Data shown:
################
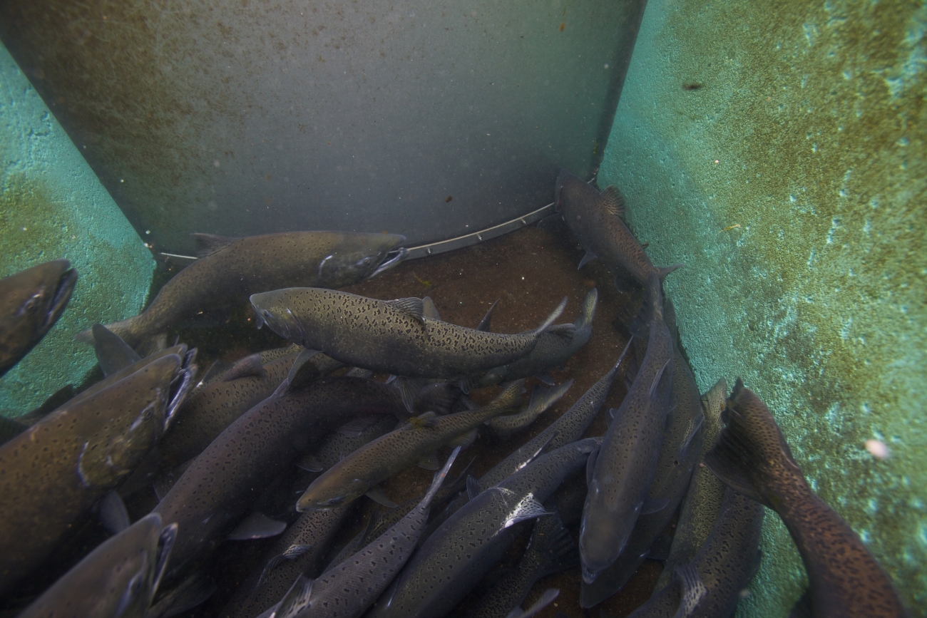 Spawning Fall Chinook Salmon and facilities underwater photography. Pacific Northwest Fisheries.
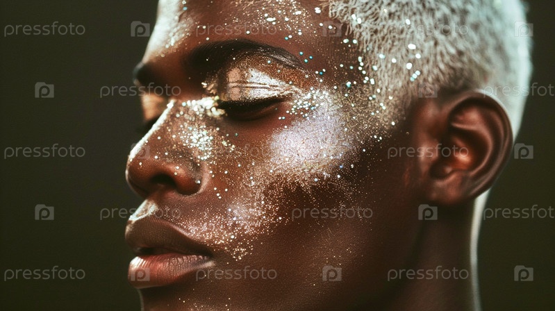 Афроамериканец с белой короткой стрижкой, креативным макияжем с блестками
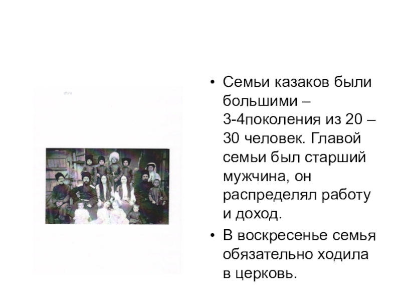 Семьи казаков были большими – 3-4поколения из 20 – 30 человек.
################
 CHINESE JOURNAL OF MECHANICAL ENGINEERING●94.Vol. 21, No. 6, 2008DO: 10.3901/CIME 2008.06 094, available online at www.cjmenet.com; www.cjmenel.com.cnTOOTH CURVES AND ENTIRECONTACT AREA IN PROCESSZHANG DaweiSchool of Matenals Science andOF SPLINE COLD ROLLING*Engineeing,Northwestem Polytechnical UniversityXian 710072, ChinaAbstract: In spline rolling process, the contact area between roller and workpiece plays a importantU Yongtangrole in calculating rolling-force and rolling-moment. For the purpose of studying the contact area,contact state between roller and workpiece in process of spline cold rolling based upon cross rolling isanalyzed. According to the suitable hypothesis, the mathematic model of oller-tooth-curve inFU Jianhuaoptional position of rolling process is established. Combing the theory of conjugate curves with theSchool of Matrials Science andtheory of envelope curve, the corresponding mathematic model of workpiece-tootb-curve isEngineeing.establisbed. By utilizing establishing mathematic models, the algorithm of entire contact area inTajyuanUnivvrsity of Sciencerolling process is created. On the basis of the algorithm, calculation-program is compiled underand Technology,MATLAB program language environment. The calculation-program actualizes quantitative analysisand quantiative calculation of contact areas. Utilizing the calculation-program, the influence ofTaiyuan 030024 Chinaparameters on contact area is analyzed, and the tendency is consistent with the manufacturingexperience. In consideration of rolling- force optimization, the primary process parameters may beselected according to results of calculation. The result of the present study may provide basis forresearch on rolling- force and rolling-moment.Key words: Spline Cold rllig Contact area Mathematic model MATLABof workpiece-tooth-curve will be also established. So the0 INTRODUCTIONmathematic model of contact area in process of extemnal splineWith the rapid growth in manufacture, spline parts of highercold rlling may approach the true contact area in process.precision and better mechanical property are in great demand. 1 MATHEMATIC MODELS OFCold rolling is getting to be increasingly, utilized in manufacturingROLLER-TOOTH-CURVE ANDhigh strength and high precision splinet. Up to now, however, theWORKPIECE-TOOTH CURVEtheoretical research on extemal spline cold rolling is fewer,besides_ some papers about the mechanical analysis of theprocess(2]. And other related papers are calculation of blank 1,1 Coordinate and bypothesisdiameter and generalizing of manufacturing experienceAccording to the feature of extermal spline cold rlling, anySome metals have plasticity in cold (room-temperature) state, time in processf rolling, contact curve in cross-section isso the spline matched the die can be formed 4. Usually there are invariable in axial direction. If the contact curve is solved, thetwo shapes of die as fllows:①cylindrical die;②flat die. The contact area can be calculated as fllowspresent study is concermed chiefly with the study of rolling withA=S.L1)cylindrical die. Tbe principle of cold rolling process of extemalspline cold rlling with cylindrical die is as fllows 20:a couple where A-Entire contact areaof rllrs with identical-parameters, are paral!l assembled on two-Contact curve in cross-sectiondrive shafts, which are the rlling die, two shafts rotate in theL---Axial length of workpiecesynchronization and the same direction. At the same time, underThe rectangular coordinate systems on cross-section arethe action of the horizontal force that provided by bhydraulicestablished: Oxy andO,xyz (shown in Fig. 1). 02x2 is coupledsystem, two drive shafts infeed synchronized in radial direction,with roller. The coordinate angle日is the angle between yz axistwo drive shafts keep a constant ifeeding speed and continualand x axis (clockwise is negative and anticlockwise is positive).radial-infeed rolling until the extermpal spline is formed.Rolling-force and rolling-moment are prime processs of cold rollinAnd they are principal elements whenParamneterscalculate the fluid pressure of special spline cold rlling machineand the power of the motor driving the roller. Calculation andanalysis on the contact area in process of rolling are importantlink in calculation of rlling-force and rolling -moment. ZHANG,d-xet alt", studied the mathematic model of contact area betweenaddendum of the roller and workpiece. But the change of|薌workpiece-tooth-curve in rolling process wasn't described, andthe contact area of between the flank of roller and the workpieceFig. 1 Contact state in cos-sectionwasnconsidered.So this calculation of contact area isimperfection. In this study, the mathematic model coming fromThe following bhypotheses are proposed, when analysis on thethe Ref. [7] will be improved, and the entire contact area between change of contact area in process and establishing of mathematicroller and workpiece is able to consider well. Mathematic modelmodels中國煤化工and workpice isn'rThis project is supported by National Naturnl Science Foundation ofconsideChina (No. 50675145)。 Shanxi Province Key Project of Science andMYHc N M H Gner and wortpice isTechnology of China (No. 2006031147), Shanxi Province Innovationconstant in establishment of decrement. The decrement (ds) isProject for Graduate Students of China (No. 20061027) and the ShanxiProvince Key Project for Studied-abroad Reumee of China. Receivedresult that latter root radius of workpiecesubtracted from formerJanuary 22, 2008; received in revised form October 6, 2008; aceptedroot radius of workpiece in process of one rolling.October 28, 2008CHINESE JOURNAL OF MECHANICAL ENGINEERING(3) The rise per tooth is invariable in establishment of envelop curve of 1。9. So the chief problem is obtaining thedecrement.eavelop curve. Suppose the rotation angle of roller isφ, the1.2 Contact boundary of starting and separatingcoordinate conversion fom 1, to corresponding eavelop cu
################
Instructions for the task: From the data above, return exactly the lines from the one with "Афроамериканец с белой" up to and including the one with "Семьи казаков были". Pictures do not go in the copy.

Task output:
 Афроамериканец с белой короткой стрижкой, креативным макияжем с блестками
 Семьи казаков были большими – 3-4поколения из 20 – 30 человек.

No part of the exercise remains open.